Taís Araujo analisa o Brasil de "Vale tudo" e comenta a falta de atores negros na primeira versão
Atriz afirmou que a personagem Raquel não era negra em 1988 por conta do racismo
Taís Araujo participou do videocast "Conversa vai, conversa vem" , do Jornal Globo.
Em conversa com a jornalista Maria Fortuna, a intérprete da "Raquel" no remake de "Vale tudo" analisou as diferenças na compreensão do Brasil de 1988, data da primeira versão da novela, até hoje.
Ela também comentou a falta de atores pretos no elenco da versão original e afirmou que sua personagem não foi encarnada por uma atriz negra por causa da ausência do protagonismo preto na TV anos anos 1980.
Leia abaixo:
Se pensarmos em termos de Brasil, é muito provável que Raquel, uma mulher que vende salgadinho na praia, fosse negra. No entanto, na primeira versão da novela, ela era branca. Acha que isso tem a ver com o fato de que, nos anos 1980, praticamente não existia protagonismo preto na TV?
Tem 100% a ver. Na primeira versão, tinham dois atores negros. No Brasil de 1988, era inviável. E não porque não tinha atores pretos trabalhando, eles não eram é respeitados, vistos, sequer escalados, sequer pensados para fazer isso.
É lindo construir essa narrativa hoje. Quem construiu essa narrativa deturpada da população preta, LGBTQIAPN+ e outras à margem do centro e do poder foi o jornalismo, telejornalismo, a publicidade e a teledramaturgia.
Sobretudo, essa última, que é quem conta a história de um país, é a identidade brasileira. Durante muito tempo, a população negra só era vista como a mazela do país, desde que foi trazida sequestrada, escravizada. Óbvio que tem um valor comercial gigantesco por trás disso.
Mas é um valor a ser respeitado como consumidor no mundo capitalista. É nossa responsabilidade reconstruir a narrativa. E isso está rolando.
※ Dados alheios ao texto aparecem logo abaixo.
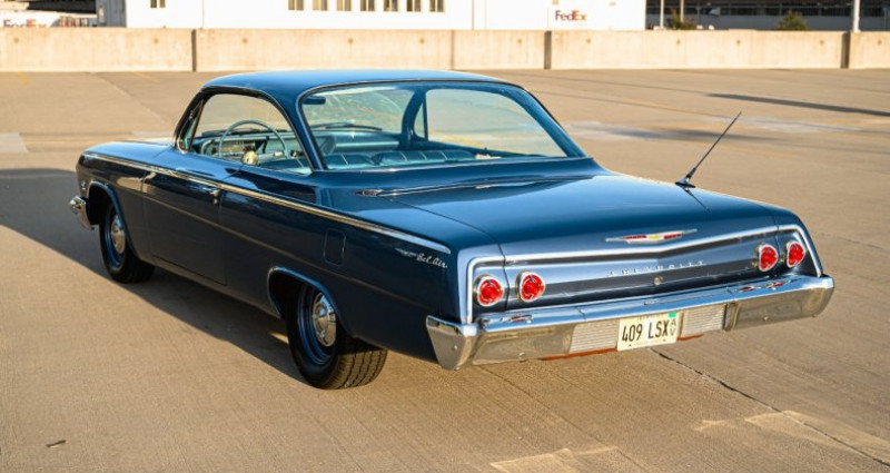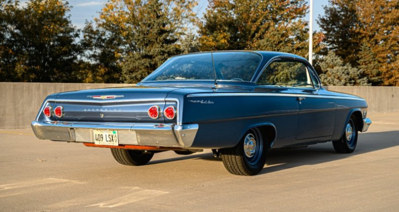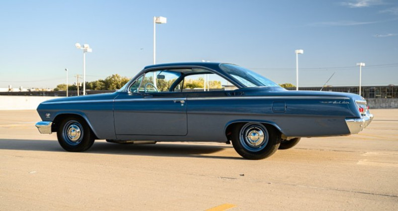 Ce 1962 Chevrolet Bel-Air Bubble Top Coupe a bénéficié d'une restauration professionnelle de haute qualité, réalisée avec un nettoyage complet de la structure et une conversion de toit (le véhicule était initialement une 2 portes post). La peinture originale 1962 GM Nassau Blue, avec des matériaux de première qualité et un aspect de base/clair, a été utilisée. Les pare-brise, les moulures extérieures et les accessoires ont été entièrement restaurés. Les roues de 15 pouces GM sont équipées de pneus BRAND de 215/70 pour l'avant et 255/60 pour l'arrière. L'intérieur a été complètement restauré, y compris la coussinette de siège, le tapis, les panneaux de portière et le tapis de plafond, par CARS INC. Les suspensions avant et arrière, ainsi que les freins ont été restaurés et améliorés. L'ensemble moteur est un bloc d'aluminium personnalisé construit par Texas Speed avec un taux de compression de 11:1 et des têtes de cylindre PRC/TSP nouveaux moules cathedral. Le véhicule est équipé d'une boîte de vitesses manuelle à 6 rapports et d'une transmission de différentiel 9 pouces coated Moser avec un rapport de 3, 70. Toutes les mises à jour électroniques et les composants supplémentaires ont été installés et optimisés.. Ce descriptif est basé sur les éléments communiqués par le propriétaire avec un traitement assisté. Merci pour votre indulgence en cas de formulation perfectible. Provenance : Illinois. Disponibilité : 7 semaines, clés en main. 138 500 € tout compris (importation, taxes, procédure d'immatriculation). Annonce publiée le 05/11/2025
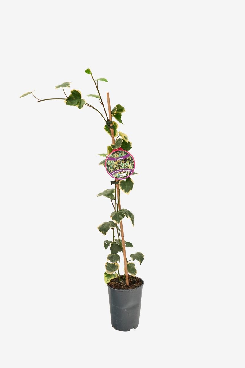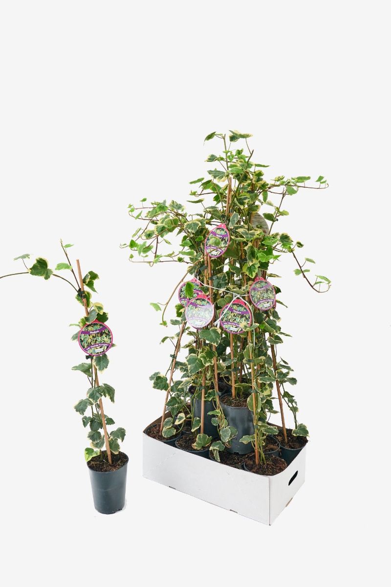 Immergrüne Kletterpflanze. Hält sich mit eigenen Haftwurzeln. Langsam wachsend. Großes, grünes Blatt mit einem unregelmäßigen, perlweißen Rand. Für Sonne und Schatten. Im Herbst gelbgrüne Blüten, danach schwarze Beeren.
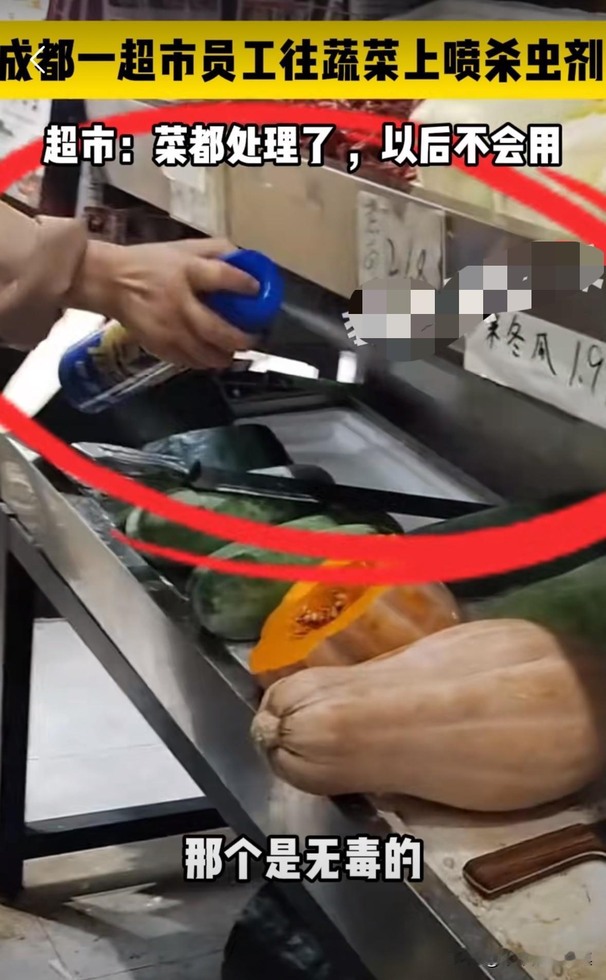成都一个超市里,店员往蔬菜上喷杀虫剂! 确实这样蔬菜上不会有虫子了,但是如果吃死人了怎么办? 事后,超市的工作人员说:“那个是无毒的,轻微的杀虫剂,那些喷过杀虫剂的菜,我都让他们扔掉了,不能再买了!” 现在倒是处理了,也不能保证以前没用过啊。 如果不是超市里领导允许的,店员会自己买一瓶杀虫剂来喷吗! 这些菜都是买回去现吃的,如果真吃出问题,你们脱不了关系。
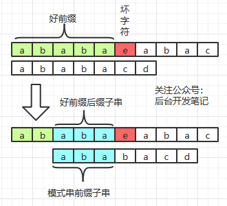 我们是怎样查找到的最长好前缀的后缀子串呢?如图:
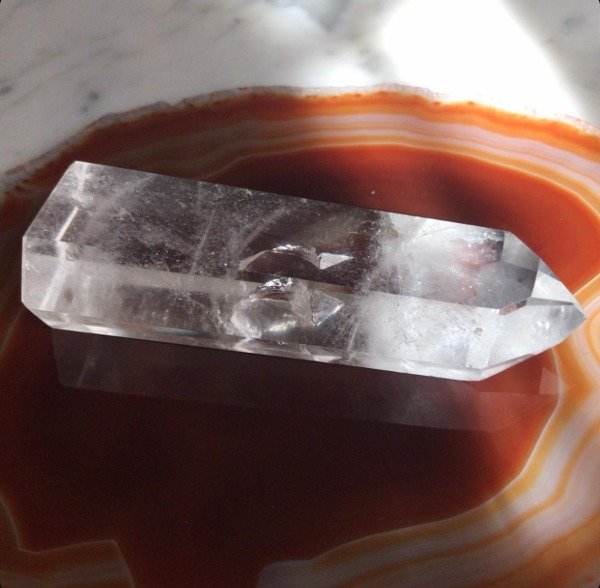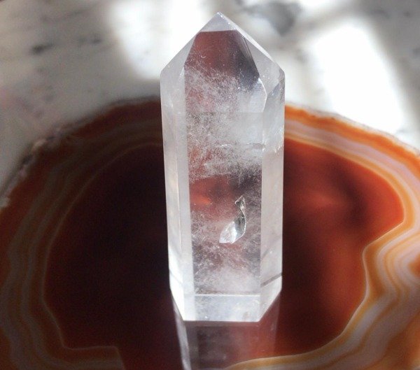 Punta Maestra de Cuarzo Cristal con pulido a mano en cada una de sus aristas lo que le da una terminación impecable. Medidas: 10 cm de alto x 3,5 cm de base. Peso: 125 gr.
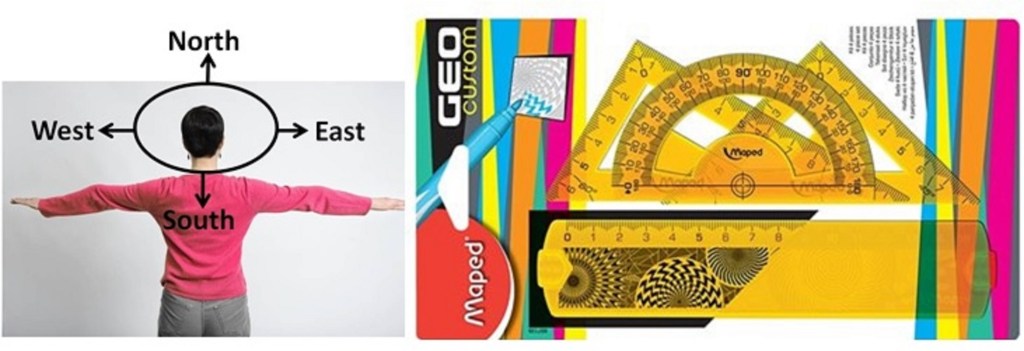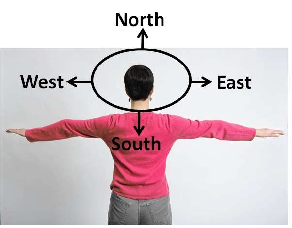 Farah stood in front of the class but Ms. Ali said: I am going to ask Farah to turn so that her right arm is towards East. In which direction does her left arm point ? (see the picture)
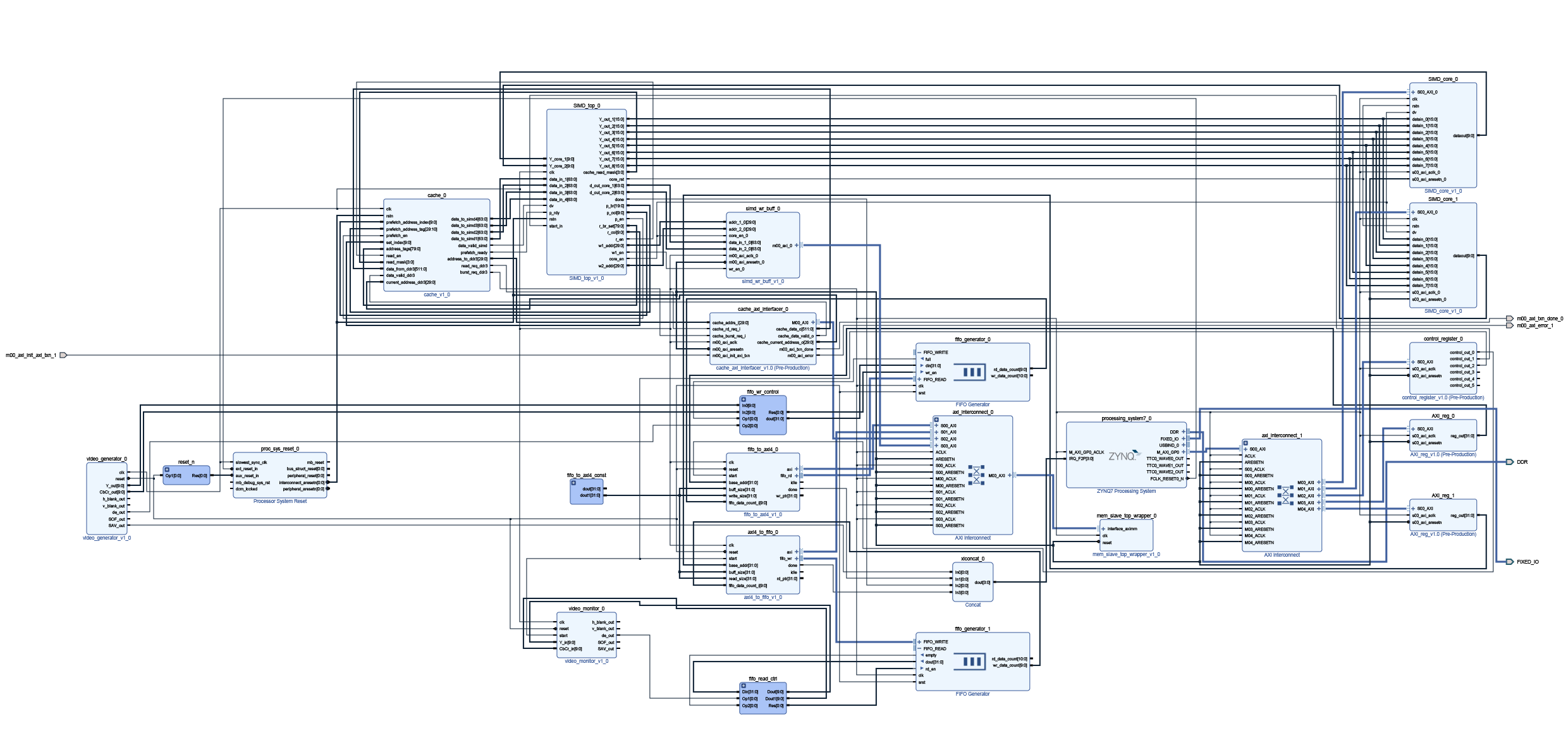 Design an SOC in Vivado to receive a video feed in YUV format (1080p, 30 FPS), write to memory, read it, apply two 7x7 fixed point kernels using a custom cache and a custom SIMD processor, write both outputs to memory and stream them out as two YUV video streams.

Para compor Raquel, me inspirei nas mulheres brasileiras negras que sustentam a base da pirâmide, estão no corre, são mãe solo.
Que a gente, que vive o privilégio absoluto sem ter que se preocupar com fazer comida, limpar a casa, olha e pensa: "Como ela consegue?".
A começar pelo "Brasil, mostra a tua cara" da música de abertura, do Cazuza, "Vale tudo" sempre ajudou a entender várias camadas do país. Acha que a compreensão sobre corrupção e desigualdade mudou muito de lá para cá? O Brasil melhorou, piorou, ainda é o mesmo?
É e não é o mesmo Brasil. É o mesmo Brasil sem véu. Havia o véu sobre o racismo, o mito da democracia racial, sobre a questão da corrupção, o abismo entre ricos e pobres.
Esse véus caíram. É uma outra maneira de a gente ver o Brasil, que é um país muito imaturo ainda, que não consegue se enxergar, mas já é mais maduro do que o 1988.
Muitas coisas estão afloradas. Vai ser interessante agora, em 2025, ver um país tão complexo com um olhar um pouco mais maduro.